As I had previously stated, there is NO one best or better choice of treatment to manage PC. However, after completing a sufficient amount of research in addition to different physician consultations, each patient will ultimately choose the best treatment protocol for themselves.
The one that best meets their overall needs, desires, risk attitudes and assessments.
I am fortunate to be in remission with no detectable cancer and my Total PSA is and remains undetectable at < 0.014 since the day after my surgery on 10/26/22 and has remained the same as of today, 10/2/23.
I returned to my “TRT” on 3/27/23. It was similar to turning the light switch back on! I was barely getting by each day during the 5 months I had discontinued my “TRT” which started one month prior to my surgery and continued without it for the additional 4 months following my procedure!
Within several days following my first “T”injection I was already feeling substantially better. So………..by all measurement data, continuing my “TRT” is an absolute must for me.
I wish you the very best with your continued journey
and recovery.
GODSPEED

Sorry if this has been said. I just got back from meeting with a very well-respected urologist and learned something I have to share.

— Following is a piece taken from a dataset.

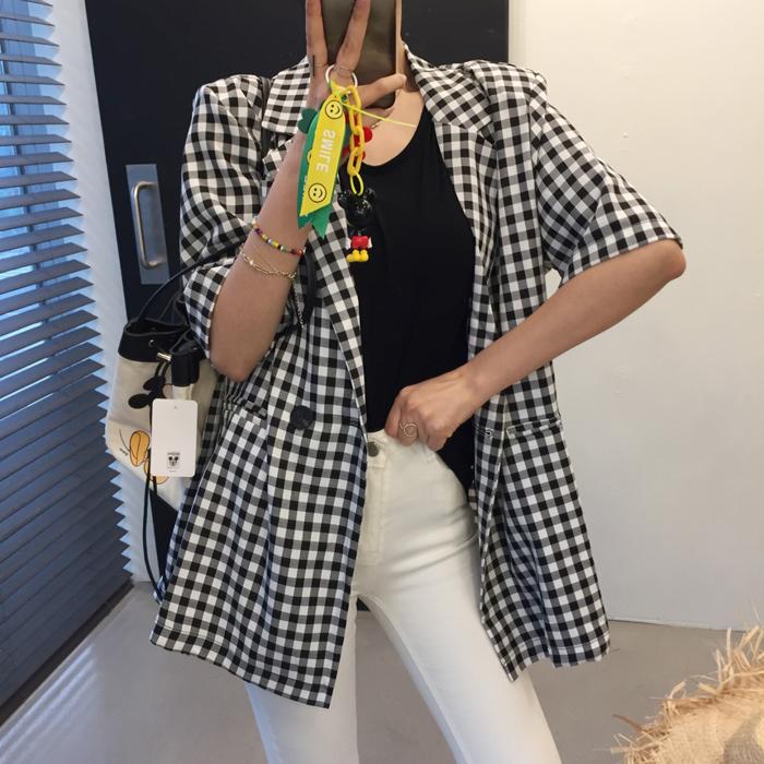 단정하서도 캐주얼한 무드가 돋보이는 체크패턴에 유니크한 감성이
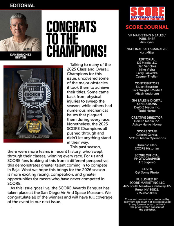 Para más información sobre SCORE, visita la página de internet oficial del Campeonato Mundial del Desierto de SCORE en www.SCORE-International.com.

I am 62, a bit older that you but similar prognosis.

Long story short I'd mentioned how surgery the side effects are short term, where others manifest themselves long term.

When I said this the Dr 'lit up' and went into detail about why - basically the other treatments do so much damage to the surrounding area that even though someone may be 70, the tissue/organs are like 90.

Basically, if you are young & have a long life ahead, surveillance or nerve sparing RARP is the way to go. (I got the impression he favors surveillance but this maybe in my case)

Another interesting thing, TULSA, HIFU does not get rid of the cancer & many places will sell you on it even thought you are not a good candidate (like me) These techniques cannot reliably kill all of the cells. (makes sense). It is good, just not 'one & done' like I'd hope.

So pls keep this in mind as you're contemplating your journey.

Great advice here. Also seek out consultation by video with the experts at centers of excellence. I’m a big fan of Dr. Kishan at Ucla. He’s got quite a few YouTube videos and multiple interviews you can Google. Don’t rush it. Take advantage of the guys on this forum, as well. Best of luck.

Is Dr Kushan at Westwood UCLA. I see Dr. Robert Reiter there but he is a very busy department head and he might be too busy for my case that is now on the back burner, but it probably will not stay there for that long. I may need someone that is a bit less busy.